Although atomic molecular simulations such as those proposed above are useful in studying the detailed mechanism of IDP binding, they cannot reach the spatial-temporal scale of phase separation to address the questions mentioned above in understanding biomolecular condensates. As shown in previous studies, maintaining a fully atomic representation might not be necessary, or even desirable, to connect simulations with experimental observables, providing important interactions for IDP phase separation are accurately modeled in a simplified representation. Coarse-grained (CG) models, as one type of simplified representation, have been essential for simulating processes that are not accessible for atomic simulations. To study biomolecular condensates using a CG model, the CG model must accurately capture the interactions among condensate components, including nucleic acids, structured proteins, and IDPs. More importantly, to make accurate predictions on the effects of various perturbations, the CG model has to be transferable to different biomolecular condensates under multiple conditions. However, existing CG models for modeling biomolecular condensates have limited transferability. To systematically study the phase behavior of IDPs using simulations, I propose to develop a transferable CG model of biomolecules that would enable accurate quantitative predictions on biomolecular condensates.
Two sources of information can be used to construct a transferable CG model: atomic force fields and experimental data. Atomic biomolecular force fields have been built with decades of research efforts and tested to have good transferability. Simulations using atomic force fields can provide initial reference conformation ensembles as the objective for CG models1 to reproduce. Experimental data can be used to fine-tune learned CG models to correct errors that might exist in atomic force fields. To maximize its transferability, the CG model has to be simultaneously parameterized on as many biomolecular systems as possible using both sources of information. Existing computational methods for learning CG models often require iterative optimization and are not scalable to many nucleic acids and proteins.
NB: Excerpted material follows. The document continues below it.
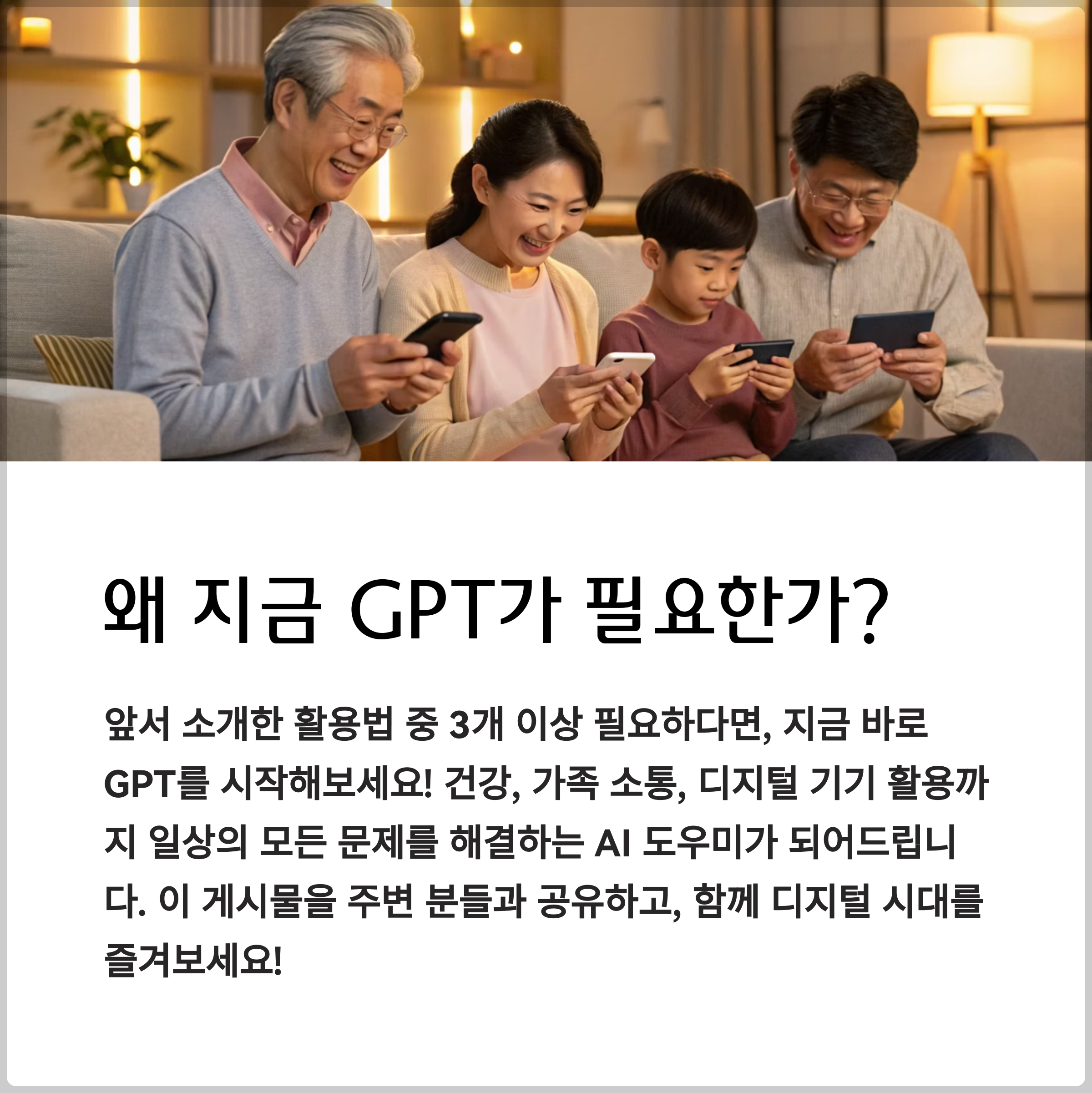 이제 AI는 50·60대에게도 꼭 필요한 생활 파트너입니다.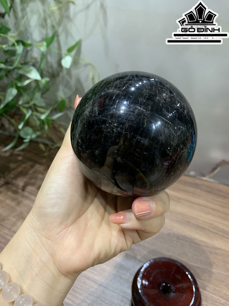Bi Cầu Đá Thạch Anh Đen Đường Kính Hạt 8,3 (cm) 0,8kg

We proposed a new scalable method for learning transferable CG models by combining noise contrastive learning with the maximum entropy principle. The proposed method has the following advantages. (i) Using noise contrastive learning, it can learn many-body potentials that might be required in CG models. (ii) It only requires one round of optimization instead of iterated optimization, making it applicable to learning transferable CG models based on many biomolecules. Our preliminary results have confirmed these advantages. Moving forward, I will identify many biomolecule systems for which experimental data exist and long-timescale atomic simulations are feasible using GPUs. Based on these systems, I will use the proposed method to build a transferable CG model for biomolecules including nucleic acids, structured proteins, and IDPs for studying biomolecular condensates and how various factors affect their formation. These studies will help us understand the mechanism of abnormal protein phase behaviors associated with neurodegenerative diseases and identify IDP targets for drug design.